■ **Stored data**:
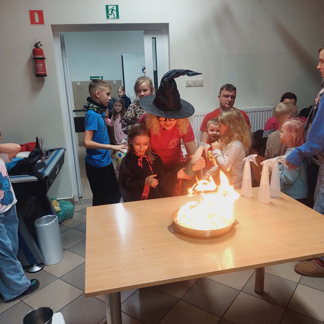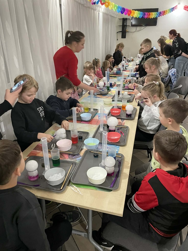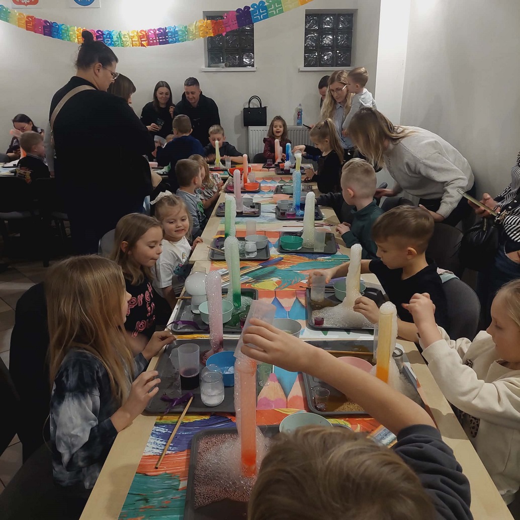 Dzieci samodzielnie tworzyły kryształowe kule, wulkany, bańki dymne i łapali swoje duszki., a nawet robili własne „slime”. Warsztaty były nie tylko świetną zabawą, ale uczyły bezpiecznego eksperymentowania i pomagały zrozumieć podstawowe prawa fizyki i chemii.
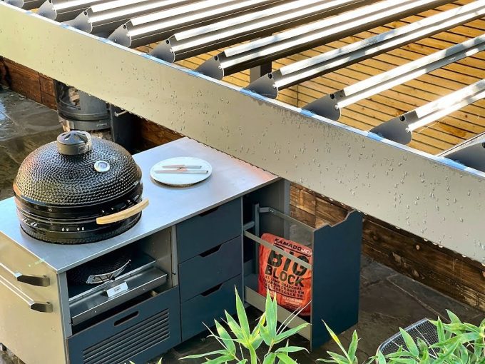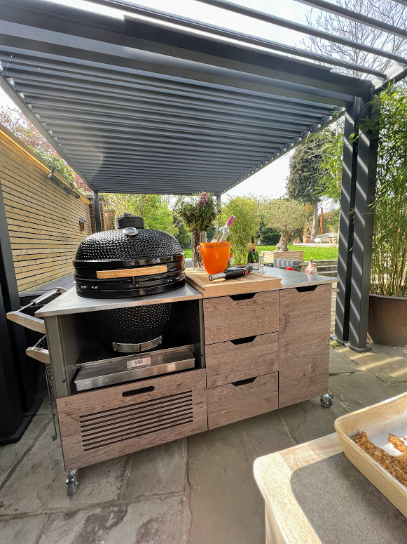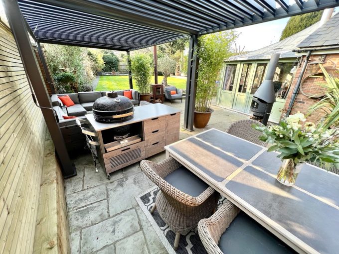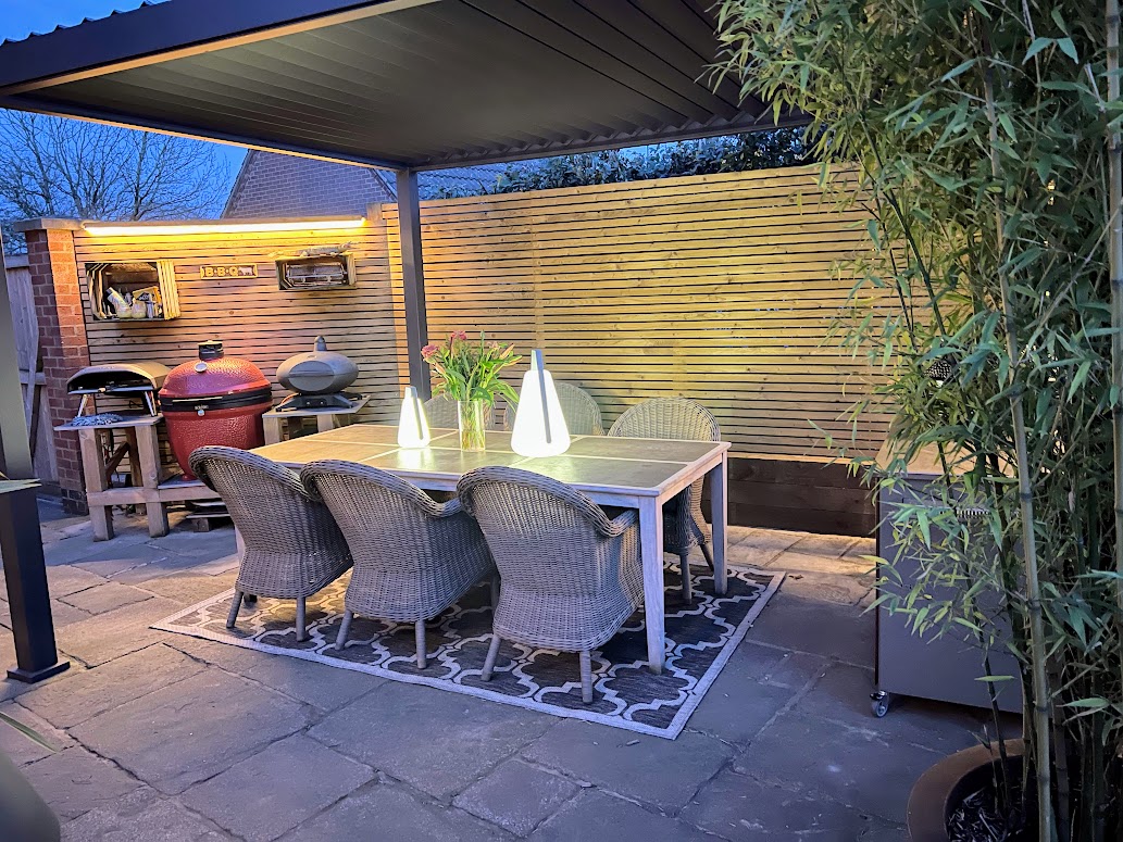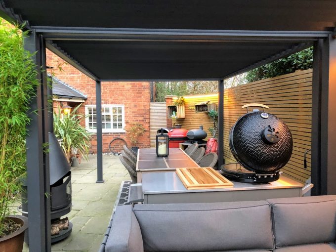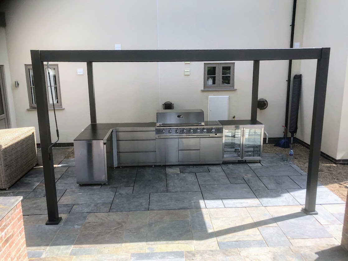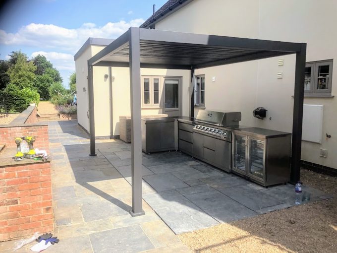 2 No. 4 x 3m Pergolas – Installed end on end – Forming 8 x 3m Outdoor Kitchen | Dining & Chill Area
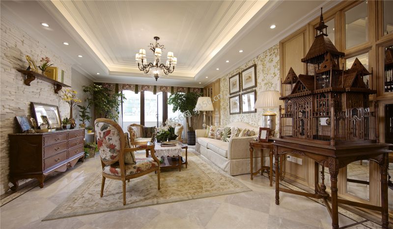 樽憬财富广场美式风格124平米三室两厅装修案例风效果图
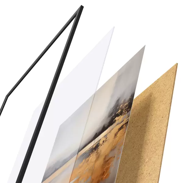 Plakāts sastāv no rāmja, pleksstikla, iespiestā attēla un skaidu plātnes pamatnes. Plakātu var uzreiz piekarināt pie sienas, pateicoties aizmugurē esošajiem stiprinājumiem.
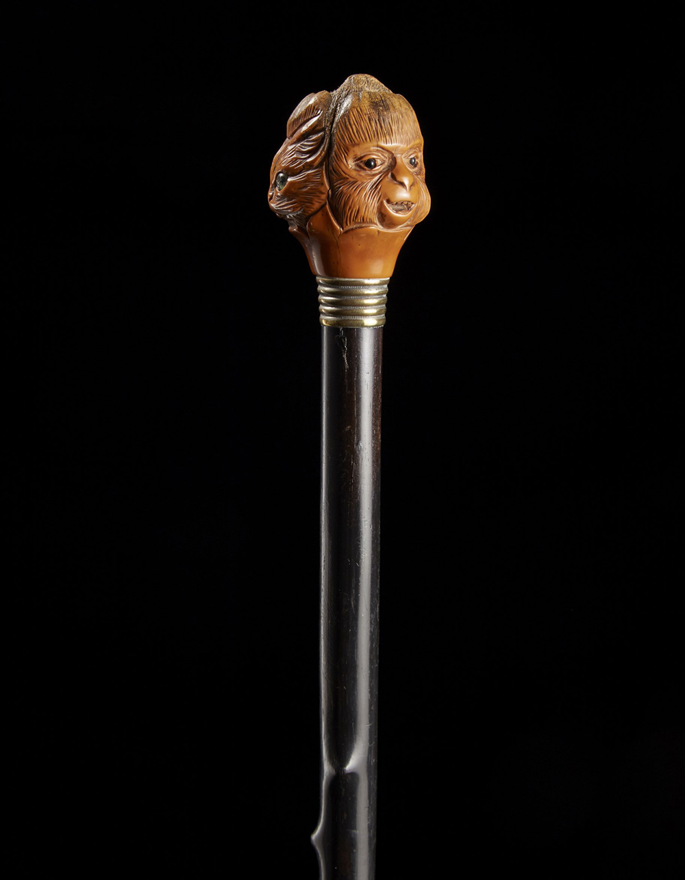 Bastone con canna in legno di frutto e pomolo scolpito da un seme con teste di civetta, lince e scimmia. Sec. XIX (difetti) A wood walking stick with seed handle. 19th century (defects)

■ **Problem to solve**: Reproduce exactly the entries from their first line through the line containing "2 No. 4 x 3m", including both, and omit any pictures.

■ **The completed task**:
 Dzieci samodzielnie tworzyły kryształowe kule, wulkany, bańki dymne i łapali swoje duszki., a nawet robili własne „slime”. Warsztaty były nie tylko świetną zabawą, ale uczyły bezpiecznego eksperymentowania i pomagały zrozumieć podstawowe prawa fizyki i chemii.
 2 No. 4 x 3m Pergolas – Installed end on end – Forming 8 x 3m Outdoor Kitchen | Dining & Chill Area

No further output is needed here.